I do wonder, though, how I would feel if a TV fugu-taster keeled over dead. I suspect I don't really believe in the possibility, because I don't believe that, much as certain TV executives would love to show a fugu fatality, they really would. I suspect that this spares me having to worry about how I would feel about such an eventuality. Of course it also messes with the thrill of wondering: Will he or won't he drop dead?

When it comes to "poisonous snakes that can choke you," and "sea creatures that can paralyze you," and "spiders whose venom can make your heart stop," I realize I'm not especially interested to "meet the people who risk it all for dinner." It's not usually hard to interest me in the question, about some foodstuff or other, is it good to eat? But this question will it kill you?, not so much.

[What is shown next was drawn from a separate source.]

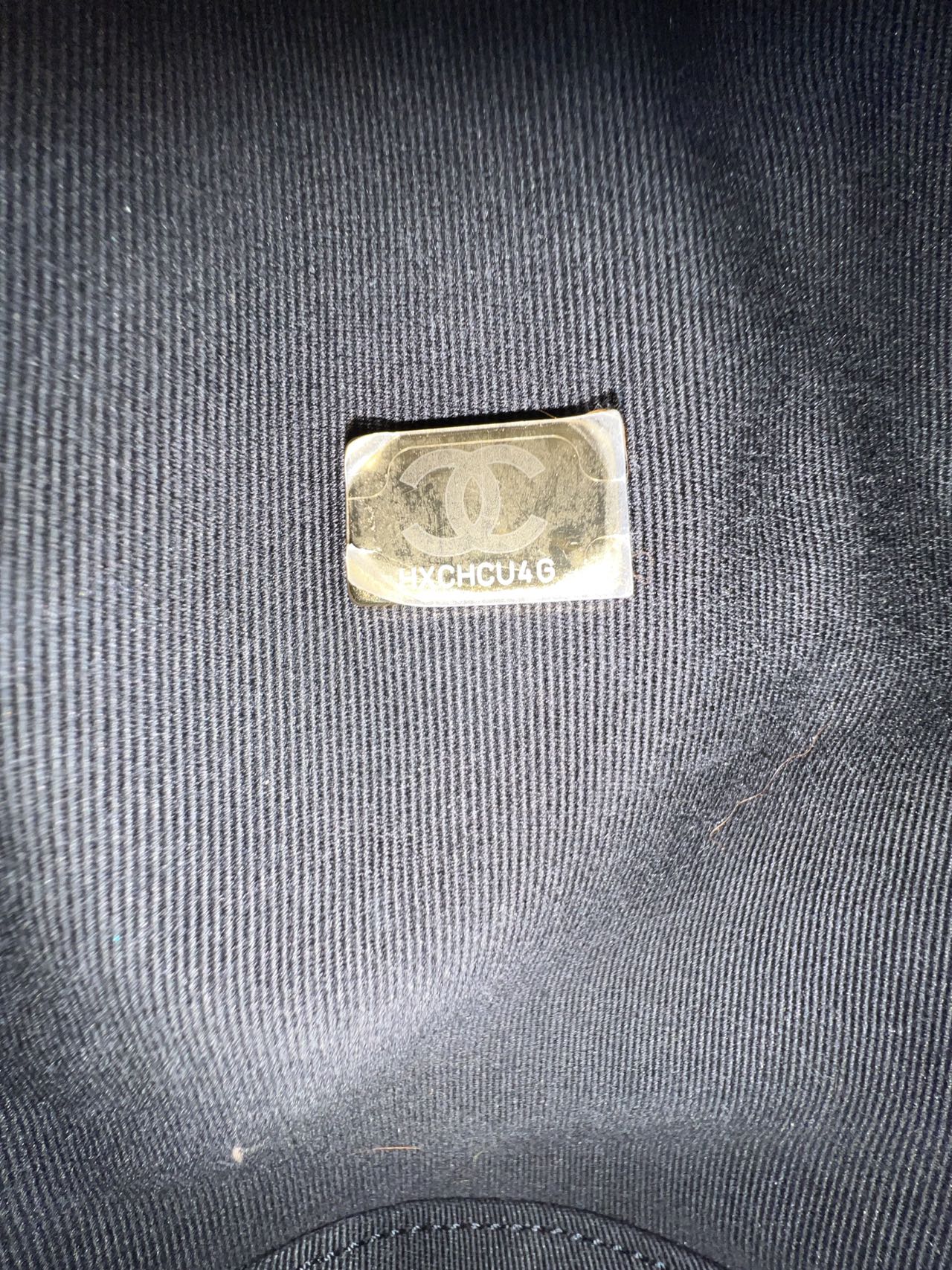 The interior is lined with a durable black fabric, showing a clean and well-kept condition. A leather 'CHANEL' logo tag is present, along with the modern 21-series authenticity chip.

I realize it marks me as a fuddy-duddy to be such a stickler for the "foodness" of food. I might add that I have nevertheless taken to Ace of Cakes and even Cake Boss, partly because I enjoy the people (Duff and the gang at Charm City Bakery in Baltimore, and Buddy and the gang at Carlo's Bakery in Hoboken), but also because it's hard not to appreciate the amazing things both teams create out of their chosen materials.

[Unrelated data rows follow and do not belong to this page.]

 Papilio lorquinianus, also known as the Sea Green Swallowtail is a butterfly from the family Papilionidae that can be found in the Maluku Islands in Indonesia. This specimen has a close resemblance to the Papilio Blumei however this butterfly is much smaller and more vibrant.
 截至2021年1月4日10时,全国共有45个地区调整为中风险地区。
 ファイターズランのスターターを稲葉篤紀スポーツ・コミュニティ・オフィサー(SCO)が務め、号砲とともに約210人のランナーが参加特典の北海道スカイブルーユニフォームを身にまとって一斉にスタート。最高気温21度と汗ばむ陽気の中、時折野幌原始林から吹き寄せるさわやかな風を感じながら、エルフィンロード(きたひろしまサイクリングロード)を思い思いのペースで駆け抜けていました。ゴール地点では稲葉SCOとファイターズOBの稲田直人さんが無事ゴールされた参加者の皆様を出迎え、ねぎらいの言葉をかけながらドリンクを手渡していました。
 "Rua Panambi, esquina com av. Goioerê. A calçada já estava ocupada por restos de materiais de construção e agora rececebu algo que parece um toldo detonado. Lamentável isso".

At the same time, I do wonder whether these shows reflect a lack of interest in the true miracle of cake: its deliciousness. It's a wonder I wish desperately, for caloric reasons, I could begin to tire of. And I have to say, I doubt that I would watch either Ace of Cakes or Cake Boss if the respective bakers didn't insist, and everyone didn't seem agreed, that the cakes really are delicious.

I don't know, maybe the rattlesnakes and sea creatures and spiders are delicious. Or maybe they taste like chicken. Feel free to check it out for yourself -- and no need to fill me in on the details.

Now a tasty, tender, juicy pot roast -- that would get my interest. Heck, I'd settle for two out of those three qualities, or in a pinch even one. That's about the extent of my food deviltry.

Oh, and if there were a slice of a really tasty chocolate layer cake to go with it, I could be tempted. I once had a coworker who for special occasions made what are still the most delicious chocolate cakes I've ever eaten. She insisted it was just this really good mixer she had. When I mentioned this to my friend Richard, who's an "out of this world"-caliber baker, and whom I consider an authority on chocolate cakes (in the interest of chocolate-cake science, he once test-drove every chocolate-cake recipe he found online which looked interesting to him), he said it made sense to him.